Janakiram MSV: Hi. In this demo, I want to show you how to perform a failover of a PostgreSQL database running within Kubernetes backed by Portworx. We already have a running Postgres deployment, which is just running one replica set or one instance of the database. Even though we are running just one instance, we can achieve failover and high availability thanks to Portworx. So let’s see how to achieve HA and failover of the single database pod running PostgreSQL database.

The first thing that we are going to do is to populate our database with some sample data. So for that, I’m going to grab the name of the pod by querying on the label that means app is equal to Postgres. So, this will get us the only pod that is running PostgreSQL and then we are going to do an exec to get into the shell of this pod. Now we are inside the Postgres pod and we can go ahead and execute the psql CLI.

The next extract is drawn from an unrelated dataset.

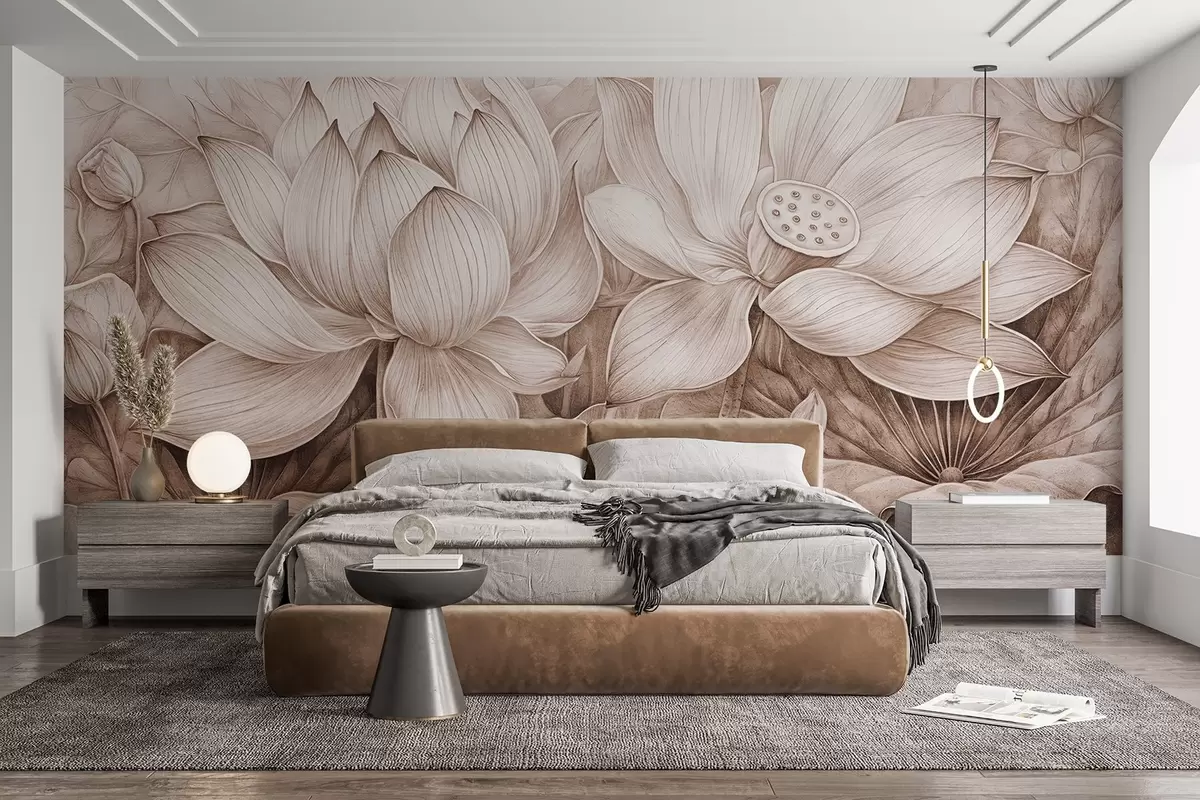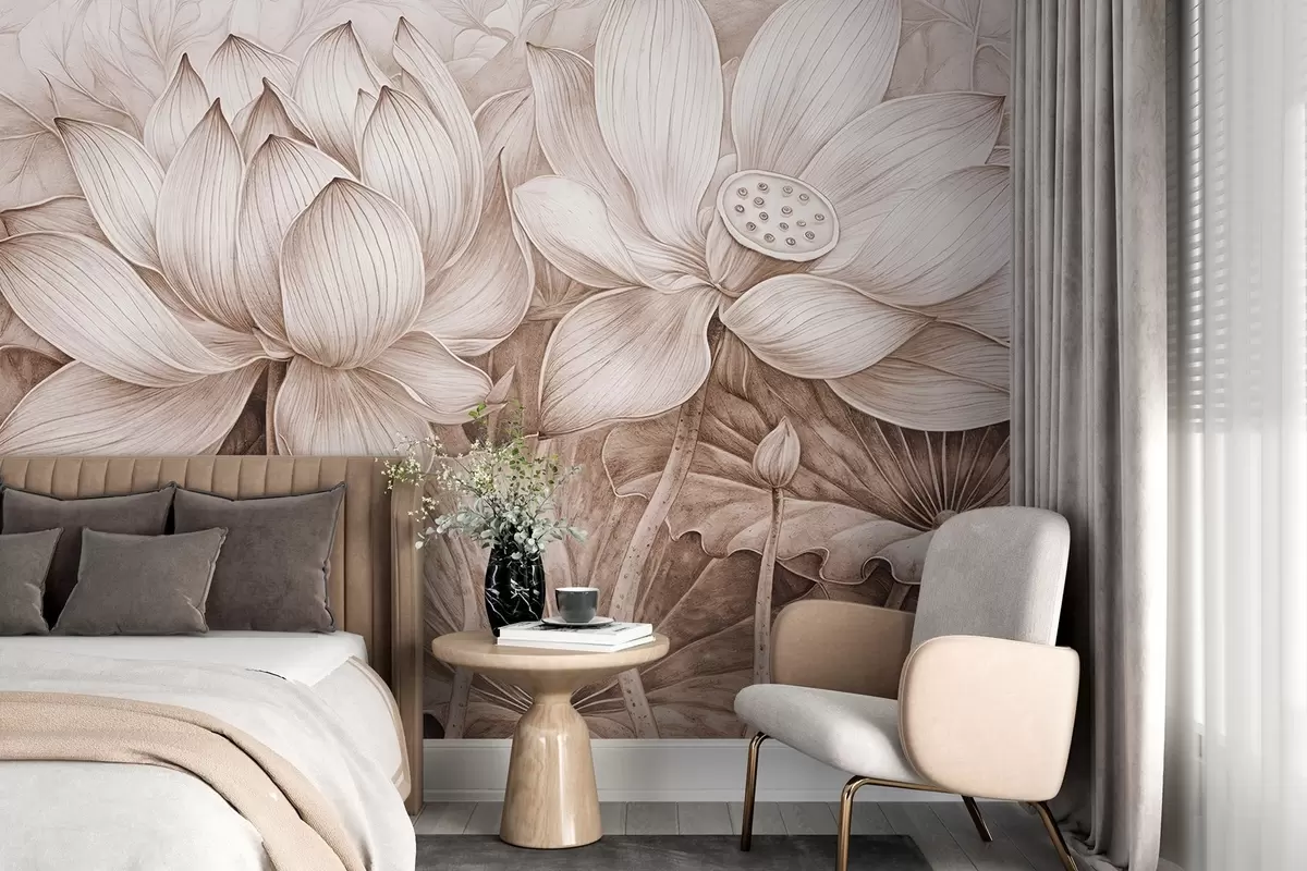 Fototapete Mehrere detailliert strukturierte große beigefarbene Lotusblumen mit braunen Blättern und Stängeln vor hellem Hintergrund w08465v1

So now we are within the Postgres shell and we can run a bunch of commands to populate a sample database. So let’s go ahead and create a database called PX Demo. Now we can verify this with the slash L command, and we notice that PX Demo database is now created. Let’s quit this and then populate this with some sample data. So we take help of the pgbench CLI to do that. So this is going to create about 5 million rows inside the demo database that we just created. That’s a lot of data. So let’s give it a few seconds and we should have a fully populated sample database.

Alright, let’s verify the creation of this by again getting into the psql shell and querying for the tables. So you noticed that pgbench has created a set of tables and we can now get the count of the number of rows from the accounts table, pgbench hyphen accounts. And that shows about 5 millions rows. Perfect. Now, let’s quit the pgSQL shell and also get it off the pod. So what we are now going to do is to do something pretty crazy. So we’re going to cordon off the node that’s running the Postgres database, which means it will avoid scheduling any new pods on it.

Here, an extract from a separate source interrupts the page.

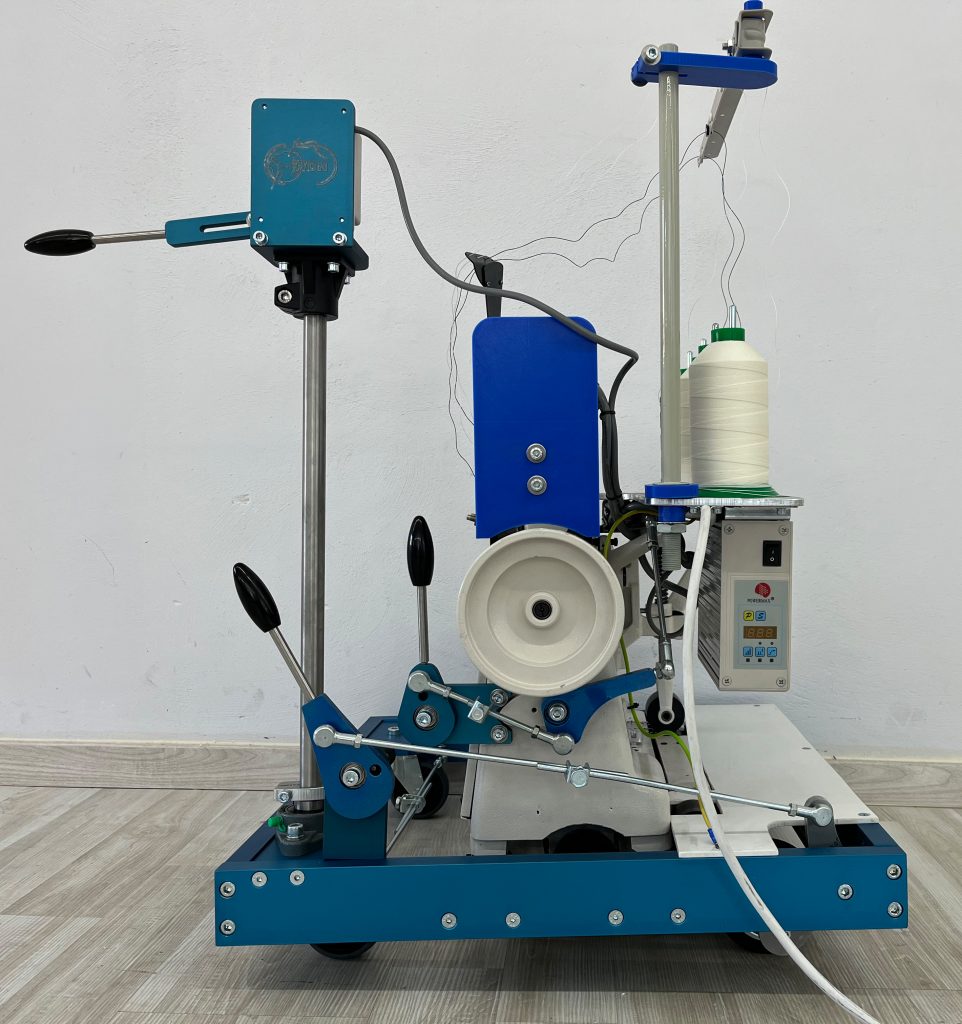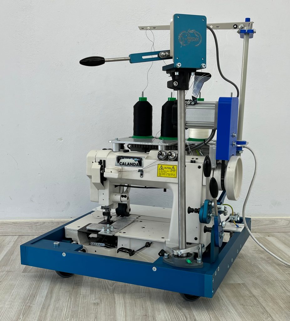 Der Calanda Nähcrawler ist eine fahrbare Nähmaschine. Durch Ihre kleine und bodennahe Bauart eignet sie sich ideal zum Vernähen von großen Textilen, die aufgrund Ihrer Größe am Boden verarbeitet werden müssen. Die Maschinegeschwindigkeit kann durch den Bediener per Hand variabel gesteuert werden. Durch ein Lenksystem ist es möglich mit der Maschine Radien zunähen.

So to do that, we need to get the name of the node that is primarily running our Postgres database. So when we actually do get pods with this command, we notice that it is running on one of these nodes so we’re going to grab the node name to cordon off the node to avoid further scheduling. What I’m trying to achieve here is to emulate a node failure by cordoning it off, and once we cordon off the node and even going ahead and deleting the pod, we’ll not disrupt our workload because immediately Portworx is going to make sure that the newly created pod is going to be deployed in one of the nodes that already has the data.

So let’s emulate node failure by creating a cordon node. Before that, let’s take a look at the nodes. You notice that all the three nodes are in ready state. All of them are capable of scheduling pods and running them. So we will now go ahead and cordon off the node that is currently running the PostgreSQL pod. So now if we do a “kubectl get nodes”, you notice that the second node, which is primarily responsible for running our current pod is cordoned off. So that means no more pods are going to be scheduled.

Alright. Now, let’s also go ahead and delete the pod. So for that, I’m going to get the pod name of the Postgres database. So this is the pod name. The only pod that we have in the default namespace. So now what we are going to do is to actually delete this pod. So “kubectl delete pod”. Now, it is going to delete the pod. And as soon as that is done, because it’s a part of deployment, Kubernetes will automatically create a new pod because we set the replica set for this deployment as one, and now a new pod is created, but interestingly this pod is not going to be located on the same node, where we originally ran the pod. Now, the node is cordoned off, that means it cannot be scheduled on this anymore instead it has been scheduled on the third node.

So, with this complete exercise of simulating a node failure followed by deleting the pod, in normal cases, we might actually face the risk of losing data, but not when we are running Portworx, so let’s check that. Before that, let me make sure I uncordoned the node. And now, let’s see if our data is still intact. So we’ll now grab the name of the new pod that is scheduled in the third node, and we will get into the shell of this pod then run psql with PX Demo and then we are going to check for all the tables. There we go. Everything is intact. And finally, the acid test where we are checking the row count of pgbench accounts and it is still five million. Fantastic.

So even after the node failure and pod deletion, the data is intact. That’s because of the replication factor that we created during the storage class and behind the scenes there is also the magic of STORK, which is the storage orchestrator for Kubernetes engine, created by Portworx. It’s a custom scheduler which will ensure that the newly created pod is always placed on the same node that has the data available. So the combination of STORK combined by the replication factor resulted in the high availability of the pod even while running a single instance of the workload.